Tamara grinned too, relieved that she had followed her instincts when she’d thrown the condoms into her luggage at the last minute. She patted the mattress beside her.
Jay strutted over and took a seat, pressing his thigh against hers. “I like a woman who knows what she wants and goes after it.”
She released the breath she hadn’t known she’d been holding. “I thought you might have a problem with my boldness, especially after that little scene in the lobby.”
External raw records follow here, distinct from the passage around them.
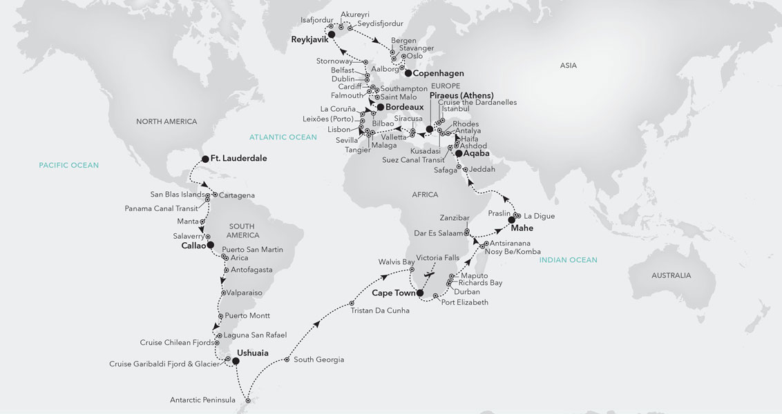 Comprising immersive travel experiences, with guests journeying from the 65th parallel south to the 65th parallel north, touching both Antarctica and Iceland, the 137-day Tale of Tales 2022 departs Fort Lauderdale on 6 January to unlock a range of cultures, climates, experiences, and landscapes in 69 destinations across 32 countries and six continents.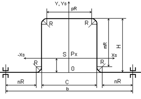 Вычисляем координаты упругого центра xS и yS. Вследствие симметричности упругий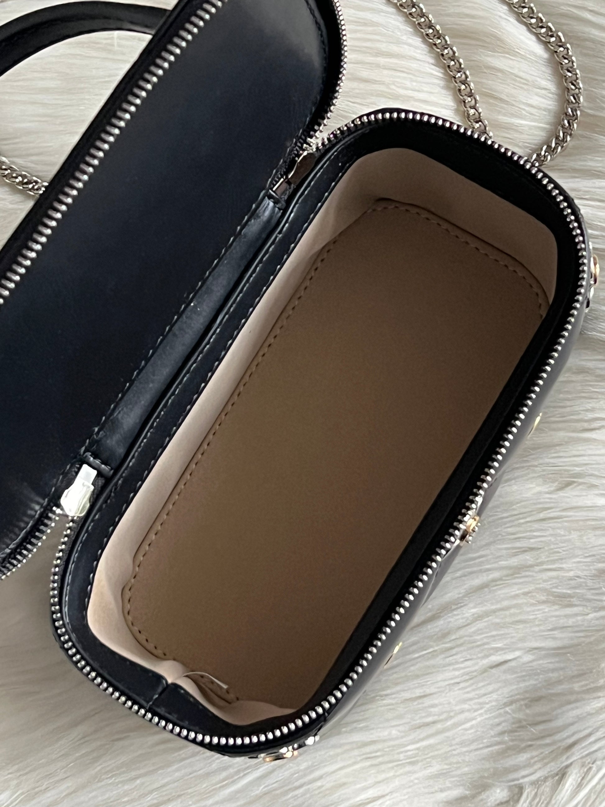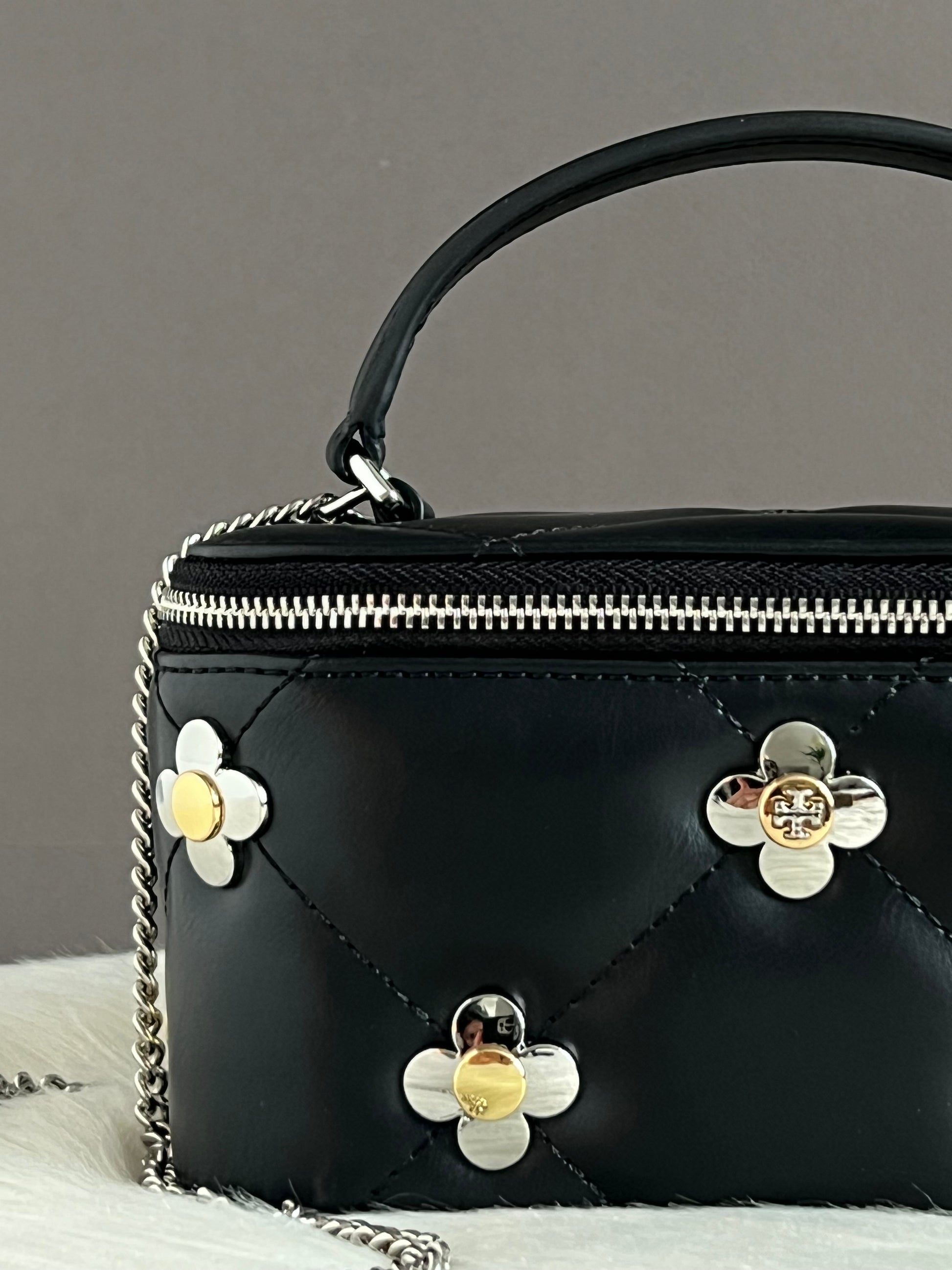 The Tory Burch Kira Diamond Quilt Clover Vanity Case features a sophisticated design that combines functionality with elegance. Its quilted exterior not only provides durability but also enhances grip. Suitable for organizing personal items, the case is an optimal choice for those seeking both style and practicality in their accessories.
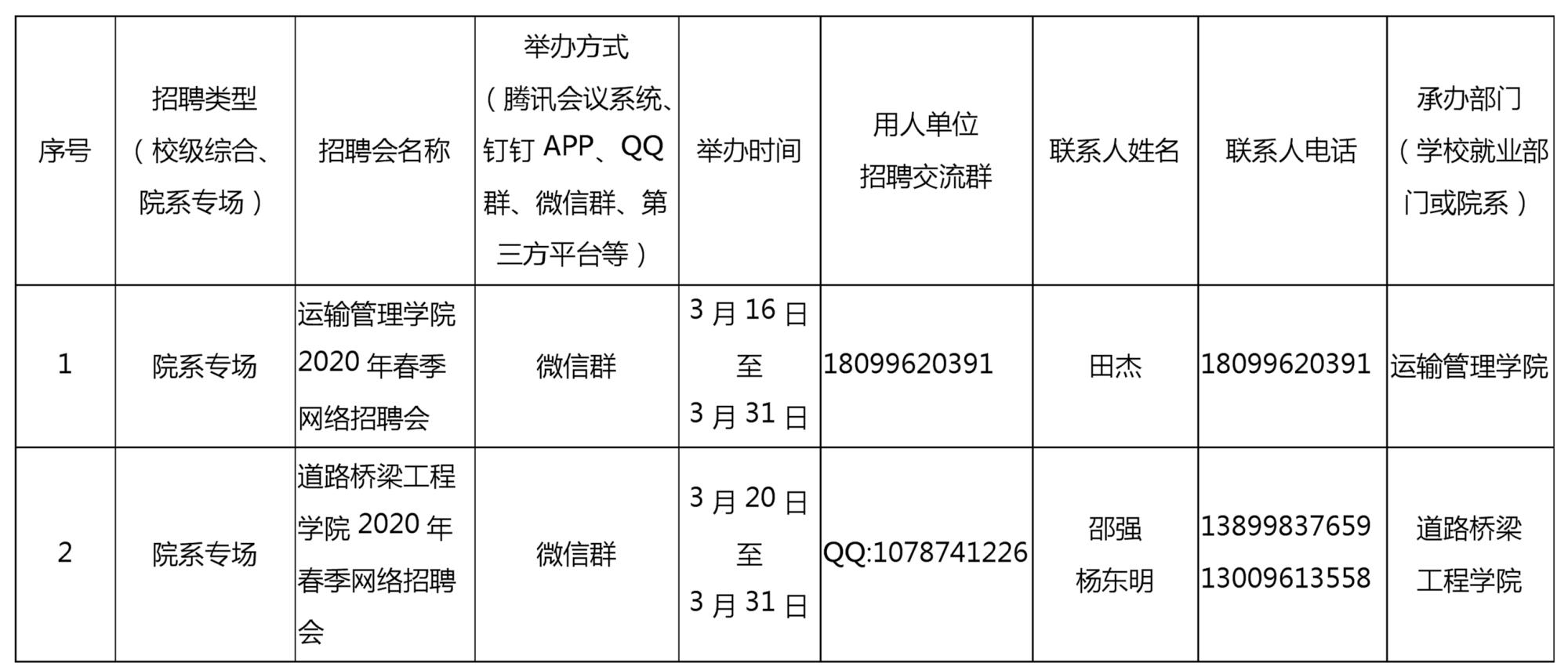 新疆交通职业技术学院2020年毕业生春季网络双选招聘会公告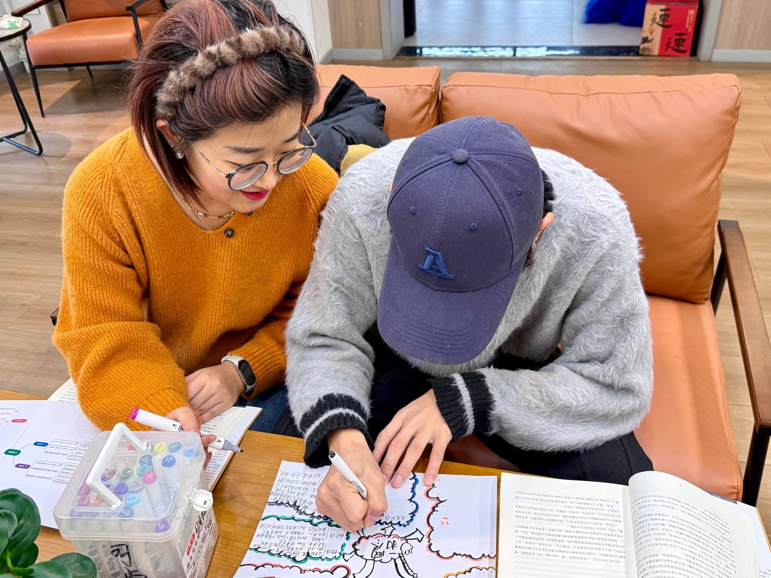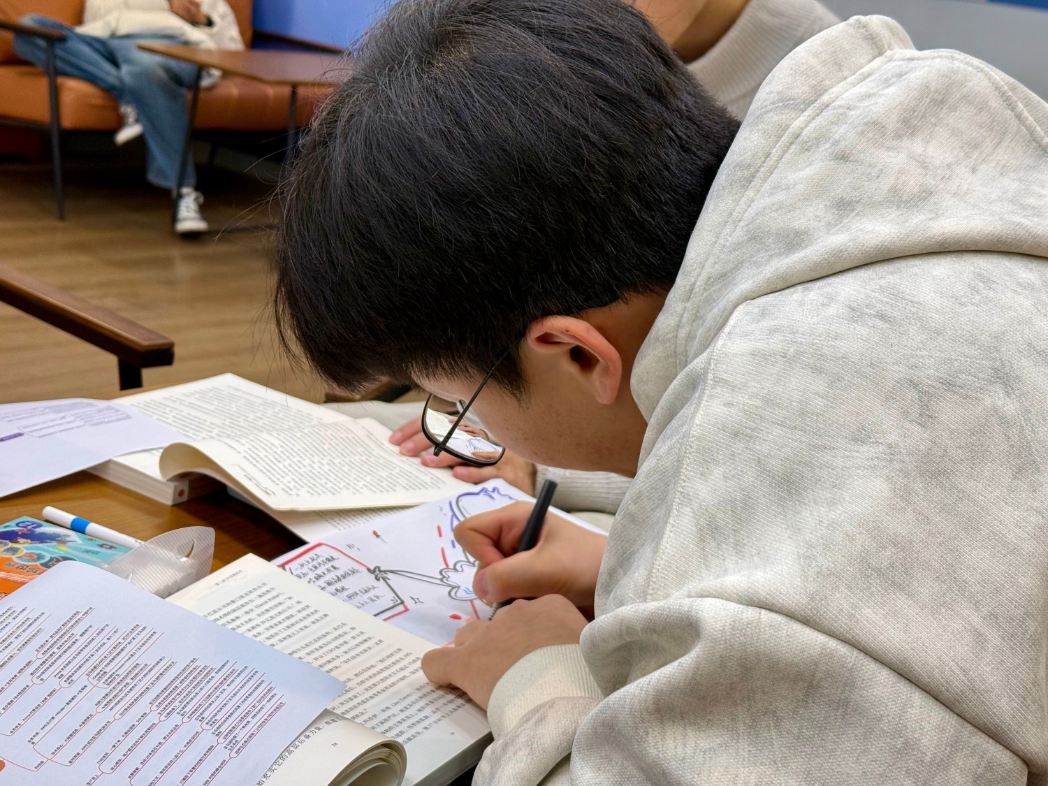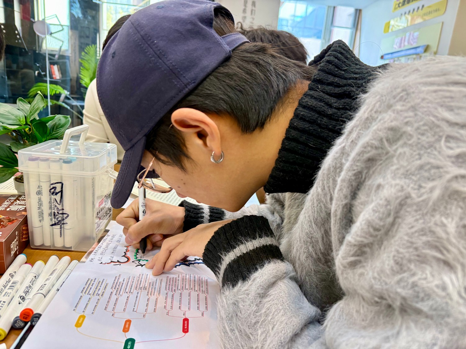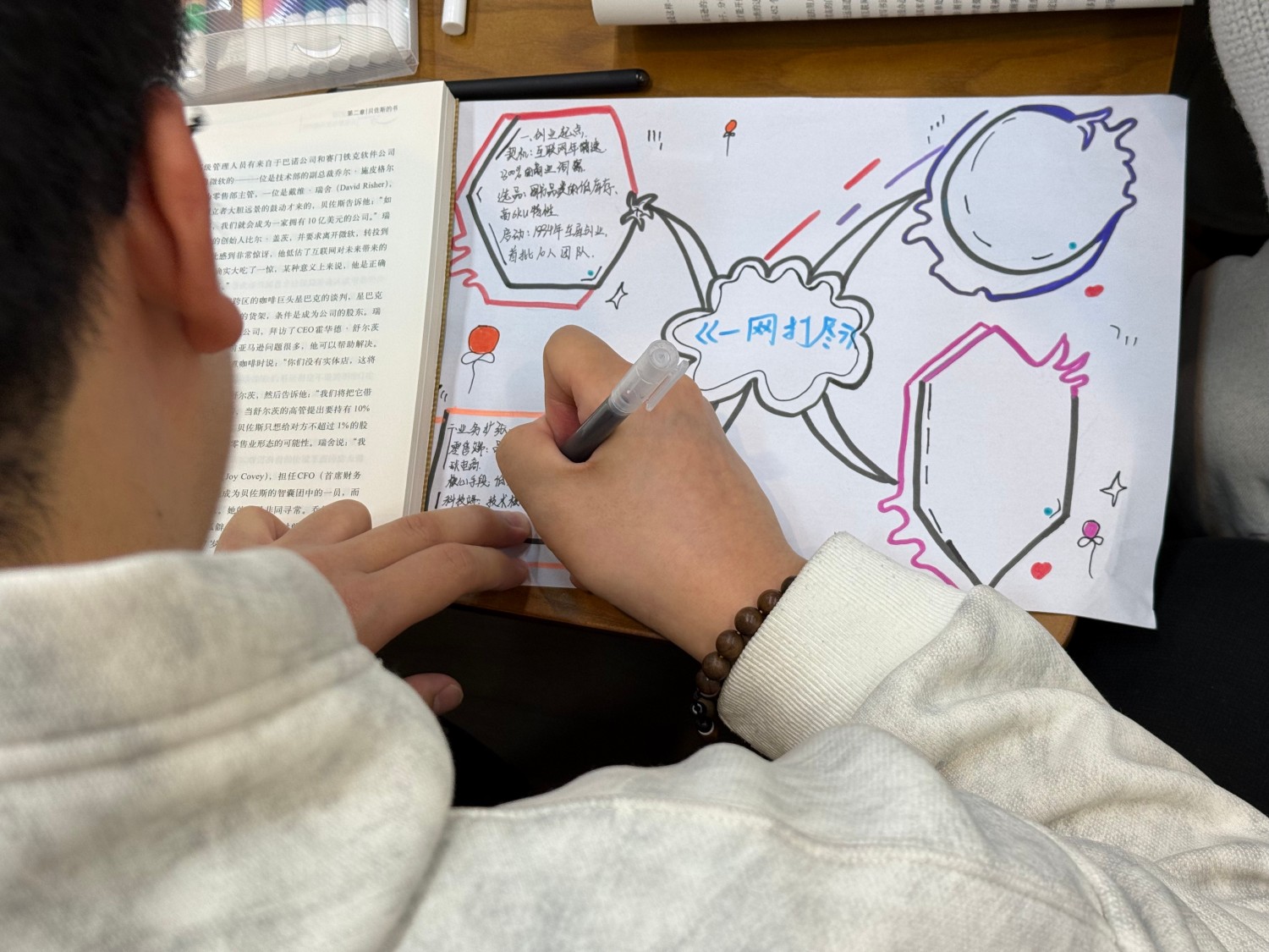 第二次对《一网打尽》的商业系统解构研讨中,学生们以书籍为锚点,搭配荧光笔、便笺纸等工具,通过思维导图与手账创作,开启了一场对互联网巨头底层商业逻辑的深度解码。“今天我们不是‘读完一本书’,而是一起做一次‘商业系统拆解’。”高老师笑着开场,这不再是对一本书的文本阅读,而是以“系统工程思维”拆解亚马逊帝国——从图书业务的野心原点,到贝佐斯长期主义的战略定力,从数据驱动下的效率闭环,到组织文化的基因编码,每一个板块都是对商业系统“架构-接口-迭代”逻辑的具象推演。

“That wasn’t a scene. That was just me being an assertive, take-charge male. And this,” he leaned close and took the string of condoms out of her hands, “is you being an assertive and responsible female.”
“I suppose we all have our roles to play.”
“I don’t play. I’m totally serious about this, about us. Can’t you tell?”
She could tell. And it scared her to death when she looked into his earnest, sky-blue gaze. She had never seen anyone more serious, not even James when he’d proposed. James had been proud and satisfied as if he’d just attained a prized jewel for his collection. He hadn’t been as intense and passionate as Jay. Jay made her feel like his feelings could consume her if given room to breed and grow.
Jay crawled up the bed to deposit the condoms atop the bedside table, and then on his knees, he crooked a finger and beckoned her to join him at the head of the bed.
Tamara toed off her boots and inched her way up the bed. She never once took her eyes off of Jay’s. His focus compelled her and made her pussy shudder with hunger as he swept off his hat and tossed it onto one of the bed post knobs.